Rubin, who became interested in habits during her research on happiness, which resulted in two popular books, The Happiness Project (2009) and Happier at Home (2012), found that our inability to master unwanted behaviors was a major downer (令人沮丧的因素). So, after guiding millions of readers down the path of true contentedness, Rubin turned her investigative skills toward habits.
Her most important find? Change is possible if we do some soul searching and identify how we respond to expectations. And, just about everybody falls into one of four personality categories: Questioners, Obligers, Rebels and Upholders.
Rubin believes herself to be a classic Upholder, someone who forms habits relatively easily because she responds well to both other people's deadlines and her own. As to the other types, Questioners will only form a habit if it makes sense to them; Obligers work hard to meet other people's expectations but often let themselves down. And Rebels resent (反感) habits.
"Think about the habit that you want to form and then think: "What's everything I could do to set myself up for success?" says Rubin.

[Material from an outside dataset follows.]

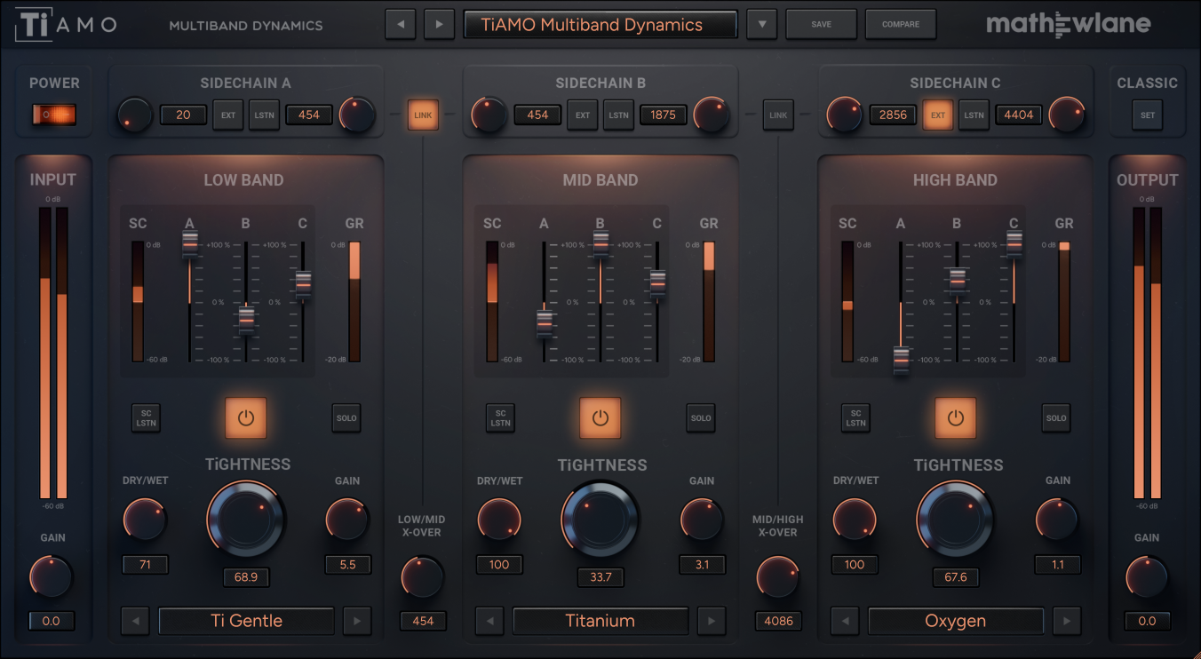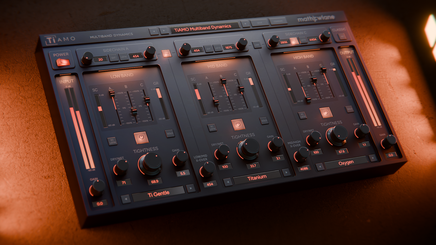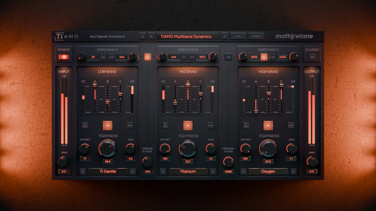 TiAMO är en unik multiband dynamics plugin med 3 separata sidechains. Varje band har kraftfull mixing av sidechain-trigger för organiska och levande dynamiker. Från klassisk trebandskompression, över de-essing till musikalisk pumping, avancerad groove-skapande och mer. Allt med lättanvända TiCo-baserade analoga kompressormodeller.

For example, if you want to exercise more and you're an Obliger, call your friend who lives across the street and meet at 6:30 every morning for a walk.
One common pitfall (陷阱), says Rubin, especially when it comes to changing your diet, is lack of clarity (清楚). "You can't make a habit out of eating more healthfully, "she says. Instead, your habit should be something like: "I'm going to pack a lunch every day and bring it to work instead of eating out."
As for exercise, Rubin recommends a strategy called pairing—coupling two activities, one that you need or want to do and one that you don't particularly want to do. Rubin, for example, only allows herself to read magazines while on fitness equipment at the gym.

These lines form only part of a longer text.